These estimates are continuously evaluated and are based on management’s experience and knowledge of the relevant facts and circumstances. Actual results may differ from the estimates. Revisions to estimates and the resulting effects on the carrying amounts of the Company’s assets and liabilities are accounted for prospectively. Information about such estimates is contained in the description of accounting policies (note 2 to the audited consolidated financial statements for the year ended December 31, 2019) and/or other notes to the financial statements. Management has made the following critical estimates:
Recoverable value of and impairment of non-current assets
Management must estimate the recoverable value of the Company’s non-current assets and determine whether or not indicators of impairment are present. Calculating the estimated fair values of cash generating units for non-current asset impairment tests requires management to make estimates and assumptions with respect to metal selling prices; future capital expenditures; reductions in the amount of recoverable resources, and exploration potential; future production cost estimates; discount rates; and exchange rates.

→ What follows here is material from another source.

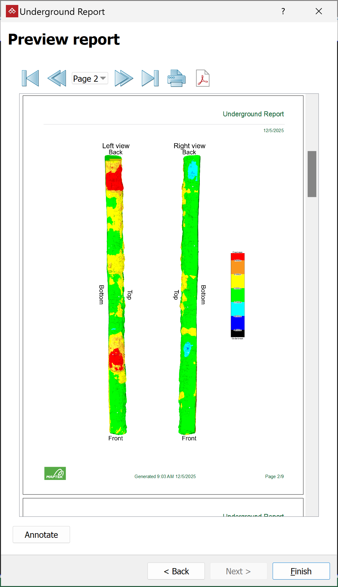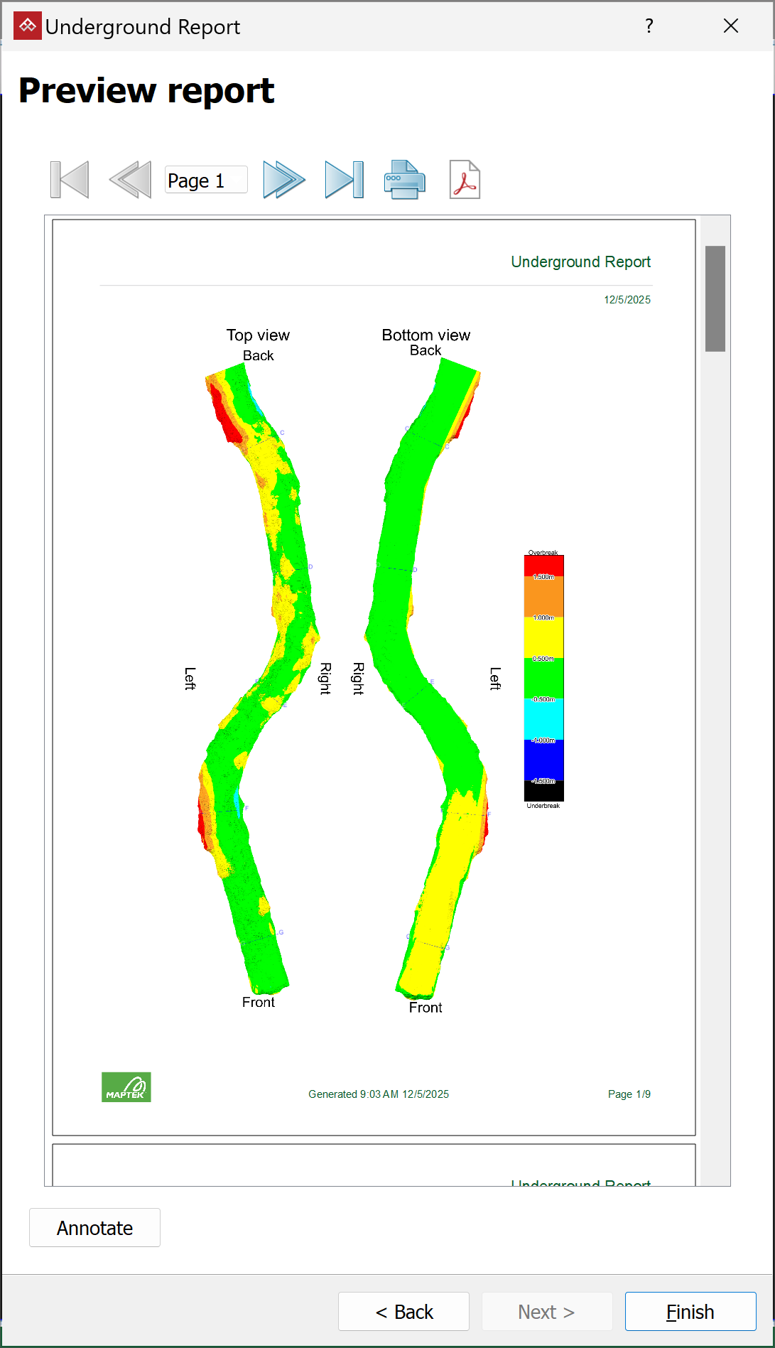 The report will display left, right, top, bottom, front and back views of the underground tunnel.

Reductions in metal price forecasts; increases in estimated future costs of production; increases in estimated future non-expansionary capital expenditures; reductions in the amount of recoverable resources, and exploration potential; and/or adverse current economics can result in a write-down of the carrying amounts of the Company’s non-current assets including exploration and evaluation assets and property and equipment.
Share-based payments
The Company uses the Black-Scholes model to value share-based payments. The option valuation model requires the input of highly subjective assumptions including the expected stock price volatility. Because the Company’s stock options have characteristics significantly different from those of traded options and because the subjective input assumptions can materially affect the calculated fair value, such value is subject to measurement uncertainty. Any changes in assumptions related to share-based payments could affect the amount of share-based payment reserve and compensation.
Income taxes
Management is required to make estimations regarding the tax basis of assets and liabilities and related deferred income tax assets and liabilities, the measurement of income tax expense, and indirect taxes. A number of these estimates require management to make estimates of future taxable profit, and if actual results are significantly different than estimates, the ability to realize the deferred tax assets recorded on the statement of financial position could be impacted. The Company is subject to assessments by tax authorities who may interpret tax law differently. These factors may affect the final amount or the timing of tax payments.
25
SILVERCREST METALS INC.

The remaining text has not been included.